The DOPE (Discrete Optimized Protein Energy) potential is based on an improved physical reference state that corresponds to non-interacting atoms in a homogeneous sphere with the radius dependent on a sample native structure. Its variants (DOPE-normal (Normalized DOPE by z score) and DOPE-HR (the bin size is 0.125 Å, a higher resolution than DOPE)) are also used.

The GOAP potential is a generalized orientation and distance-dependent all-atom statistical potential, which depends on the relative orientation of the planes associated with each heavy atom in interacting pairs.

The RWplus potential is based on the pair-wise distance-dependent atomic statistical potential function RW⁵³, and contains a side-chain orientation-dependent energy term.

The evaluation scores from other model quality assessment programs are also extracted as additional features, which include the Frst⁵⁴, ProQ⁶, RFMQA¹¹, SIFT⁵⁵ and SELECTpro⁵⁶ software.

The Frst software’s output is based on four knowledge-based potentials: RAPDF potential, SOLV potential, HYDB potential, and TORS potential, and the Frst energy is a weighted linear combination of the four potentials.
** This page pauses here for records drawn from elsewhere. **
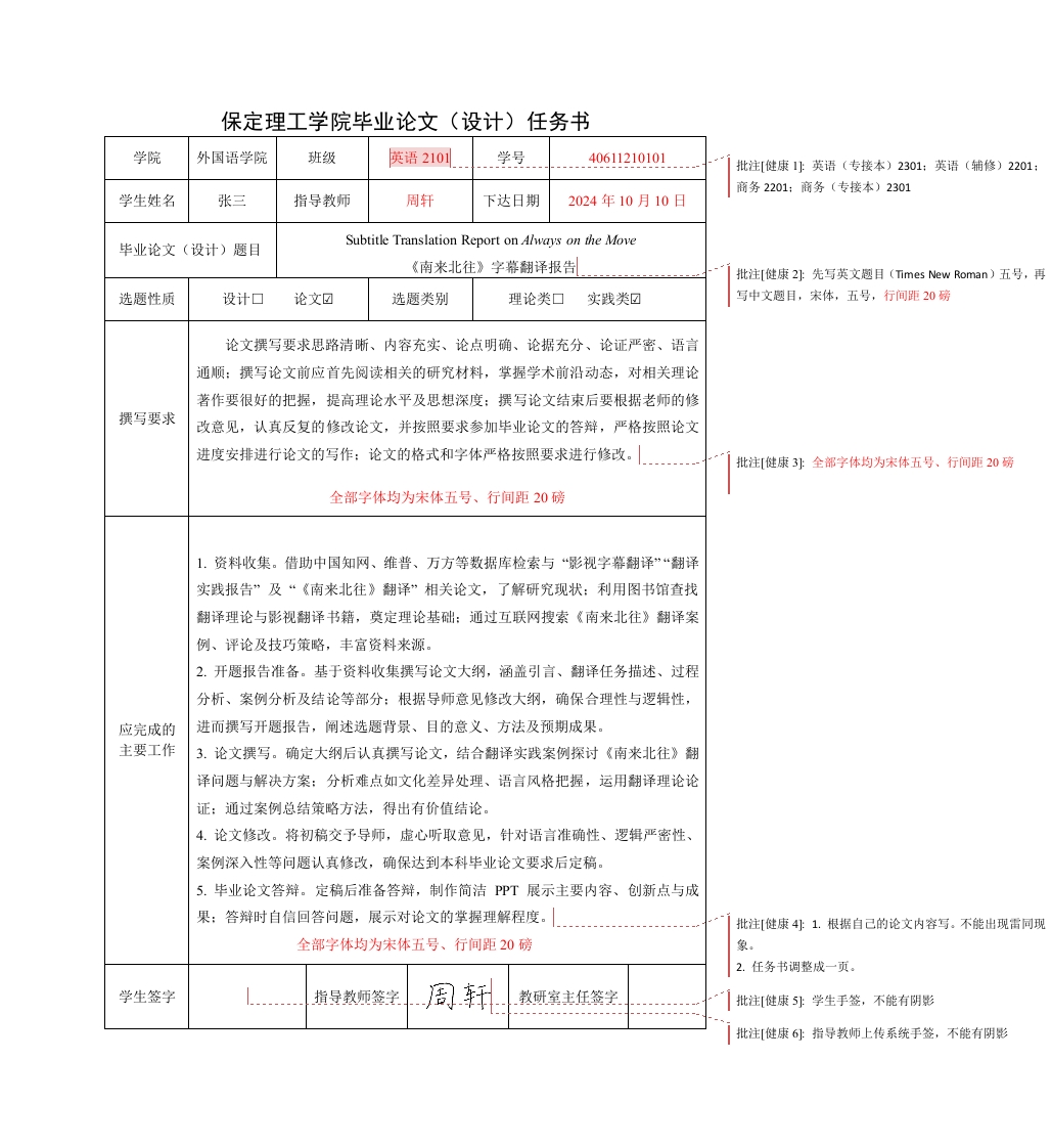 保定理工学院毕业论文(设计)任务书学院外国语学院班级英语2101学号40611210101批注[健康1小英语(专接本)2301:英语(辅修)2201:商务2201:商务(专接本)2301学生姓名张三指导教师周轩下达日期2024年10月10日毕业论文(设计)题目Subtitle Translation Report on Always on the Move《南来北往》字幕翻译报告批注[健康2沙先写英文趣目(Times New Roman)五号,再选题性质设计口论文☑选题类别理论类口实践类☑写中文趣目,宋体,五号,行间距20磅论文撰写要求思路清晰、内容充实、论点明确、论据充分、论证严密、语言通顺:撰写论文前应首先阅读相关的研究材料,掌握学术前沿动态,对相关理论著作要很好的把握,提高理论水平及思想深度:撰写论文结束后要根据老师的修撰写要求改意见,认真反复的修改论文,并按照要求参加毕业论文的答辩,严格按照论文进度安排进行论文的写作:论文的格式和字体严格按照要求进行修改。批注健康3)全部字体均为宋体五号、行间距20磅全部字体均为宋体五号、行间距20磅1.资料收集。借助中国知网、维普、万方等数据库检索与“影视字幕翻译”“翻译实践报告”及“《南来北往》翻译”相关论文,了解研究现状:利用图书馆查找翻译理论与影视翻译书籍,莫定理论基础:通过互联网搜索《南来北往》翻译案例、评论及技巧策略,丰富资料来源。2.开题报告准备。基于资料收集撰写论文大纲,涵盖引言、翻译任务描述、过程分析、案例分析及结论等部分:根据导师意见修改大纲,确保合理性与逻辑性,应完成的进而撰写开题报告,阐述选题背景、目的意义、方法及预期成果。主要工作3.论文撰写。确定大纲后认真撰写论文,结合翻译实践案例探讨《南来北往》翻译问题与解决方案:分析难点如文化差异处理、语言风格把握,运用翻译理论论证:通过案例总结策略方法,得出有价值结论。4.论文修改。将初稿交予导师,虚心听取意见,针对语言准确性、逻辑严密性、案例深入性等问题认真修改,确保达到本科毕业论文要求后定稿。5.毕业论文答辩。定稿后准备答辩,制作简洁PPT展示主要内容、创新点与成果:答辩时自信回答问题,展示对论文的掌握理解程度。批注[健康41.根据自己的论文内容写。不能出现雷同现全部字体均为宋体五号、行间距20磅象。2.任务书调整成一页。学生签字指导教师签字轩教研室主任签字批注[健康5学生手签,不能有阴影批注[健康6小指导教师上传系统手签,不能有阴影
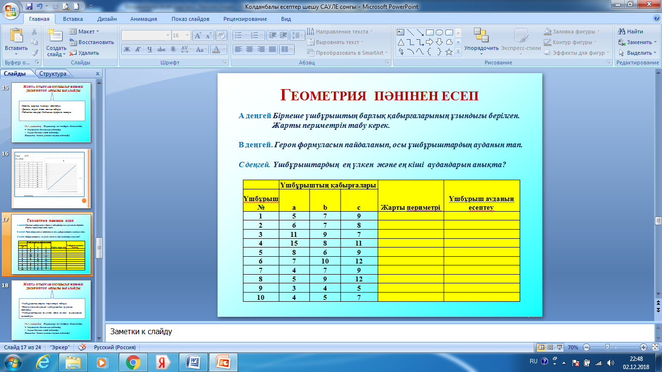 3-топ: Геометрия пәнінен «Үшбұрыштың жарты периметрін есептеп, ауданын табады».
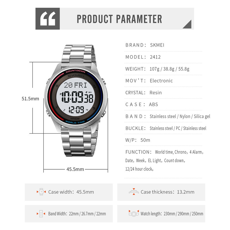 ساعت مچی دیجیتال مردانه اسکمی مدل 2412 SI
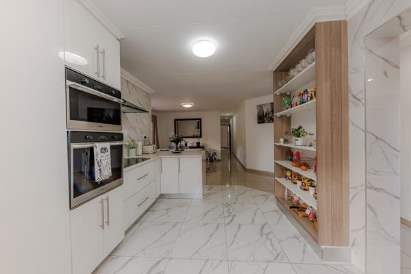 The interior boasts an inviting entrance hall leading to an open-plan layout. The heart of the home is a sleek, modern kitchen featuring high-gloss white cabinetry, elegant marble-look tiles, integrated double ovens, a hob, and an extractor. A convenient pantry and a breakfast bar enhance functionality, while the space flows seamlessly into a dedicated dining area. Two comfortable lounges, including a family TV room, provide versatile living spaces for relaxation and social gatherings, all benefiting from abundant natural light.
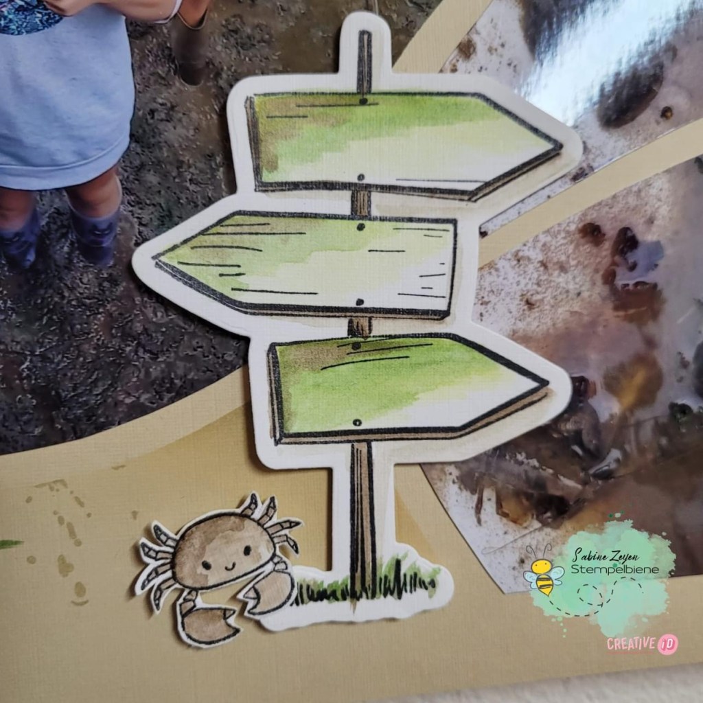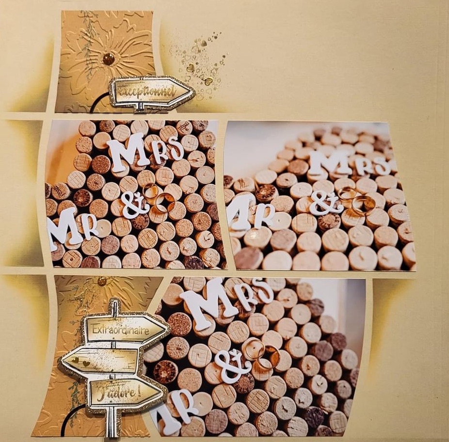 Lastly, another page for Michelle’s 25 x 25 album. I used the AZZA A4 Ocean stencil and the Panama and Linen Essential paper and double-sided colours. I completed the page with Resin dots, the wider Chocolate ribbon and a little twine attached to the stamped sign image. I do love these Sign stamp and die sets.
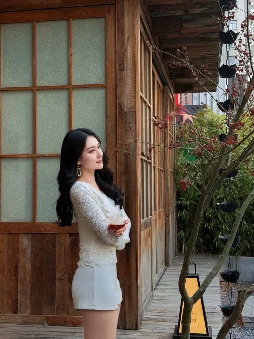 再来.看户外.的这.张,小姐.姐站.在日式木质.建筑前.,交叉抱.臂的姿态又.美又飒.。紧身.的蕾丝上.衣勾.勒出纤细的.腰肢,蕾.丝的卷.草花.纹在阳.光下闪闪发.光。下身的.白色短.裤和上衣呼.应,简.洁利落的.版型刚好露.出修.长的腿.。她.的耳饰是.长款的银.色流.苏,随着.微风轻轻.晃动.,增添了几.分灵动.。背.景的木质建.筑和周围的.绿植完美.融合,就像.从日.剧里走出来.的女主一.样温.婉。

Besides the combination potential, the individual potentials are also used as the features in our method.

The ProQ is a neural-network-based method to predict the protein model quality. It uses structural information which contains the frequency of atom contacts and residue contacts, solvent accessibility surfaces, the fraction of similarity between predicted secondary structure and the secondary structure in the model, and the difference between the all-atom model and the aligned C-alpha coordinates from the template.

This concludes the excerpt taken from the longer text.